DATA IN THIS EXERCISE:
::::

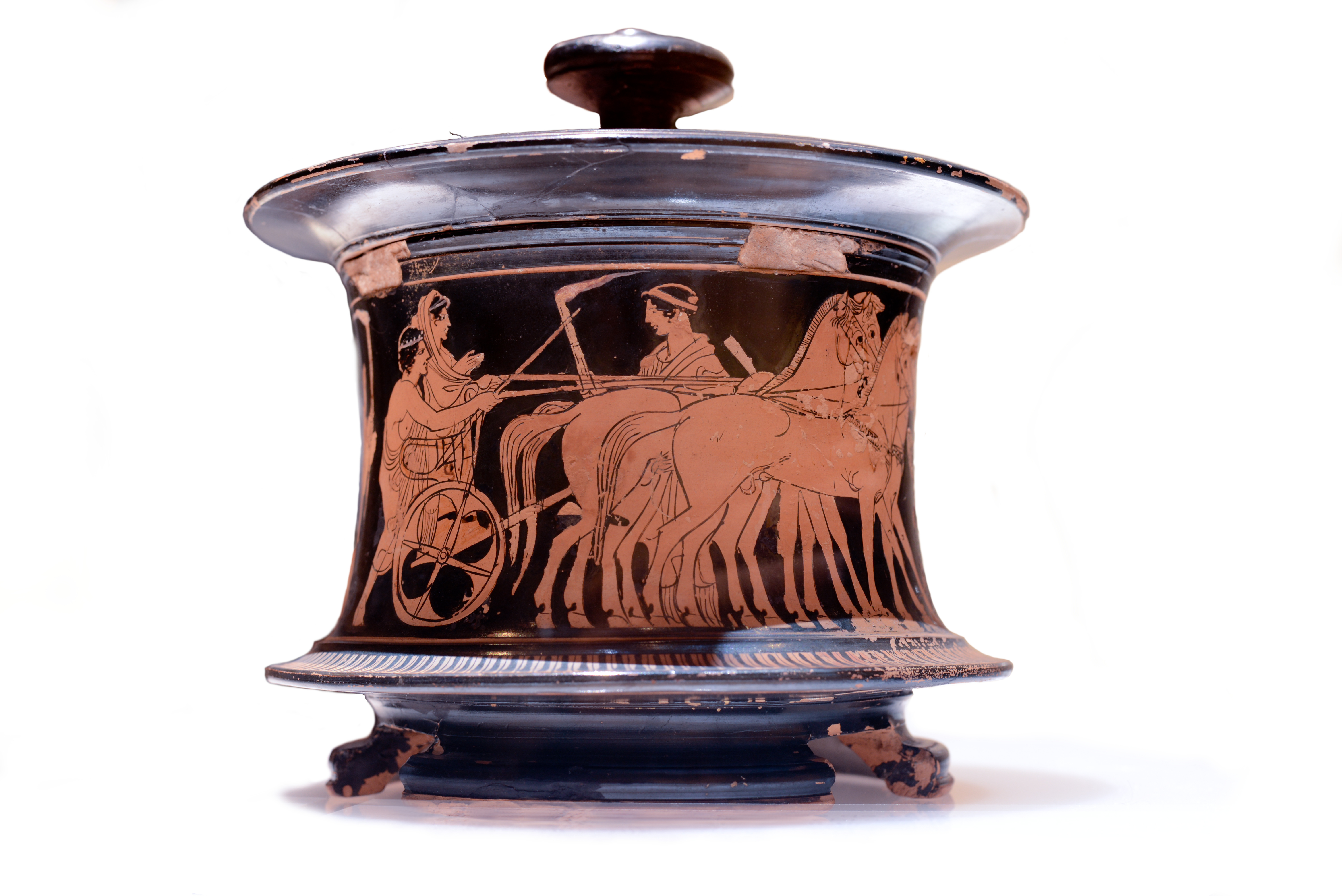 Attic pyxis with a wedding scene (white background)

::::

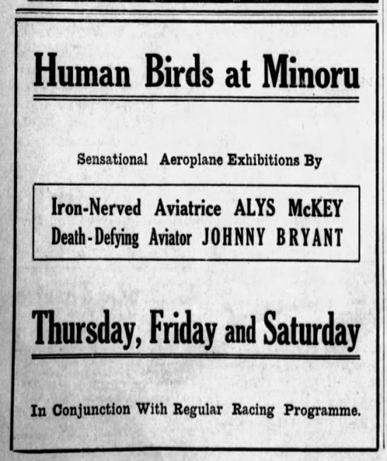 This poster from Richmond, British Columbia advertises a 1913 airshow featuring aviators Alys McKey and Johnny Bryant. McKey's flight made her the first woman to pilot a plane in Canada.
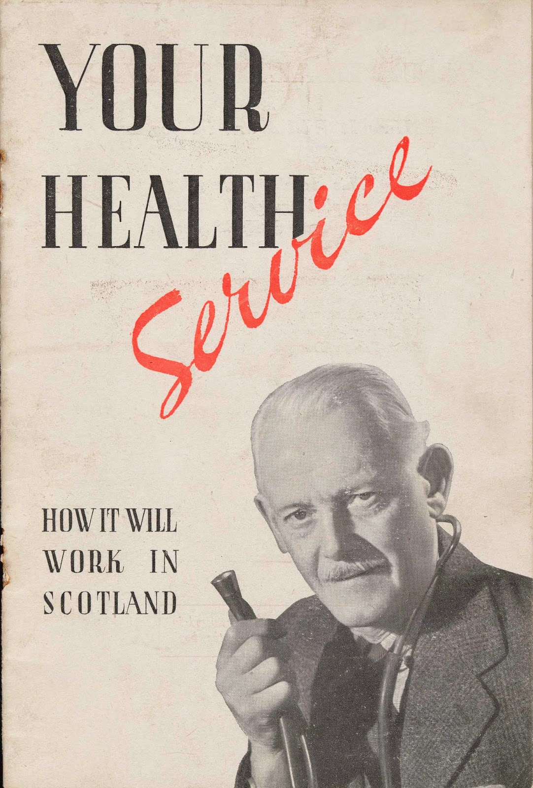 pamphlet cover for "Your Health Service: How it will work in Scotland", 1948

::::

TO DO:
With the pictures omitted, print the lines above exactly, beginning at the line with "This poster from" and going on through the line with "pamphlet cover for".

OUTPUT BELOW:
 This poster from Richmond, British Columbia advertises a 1913 airshow featuring aviators Alys McKey and Johnny Bryant. McKey's flight made her the first woman to pilot a plane in Canada.
 pamphlet cover for "Your Health Service: How it will work in Scotland", 1948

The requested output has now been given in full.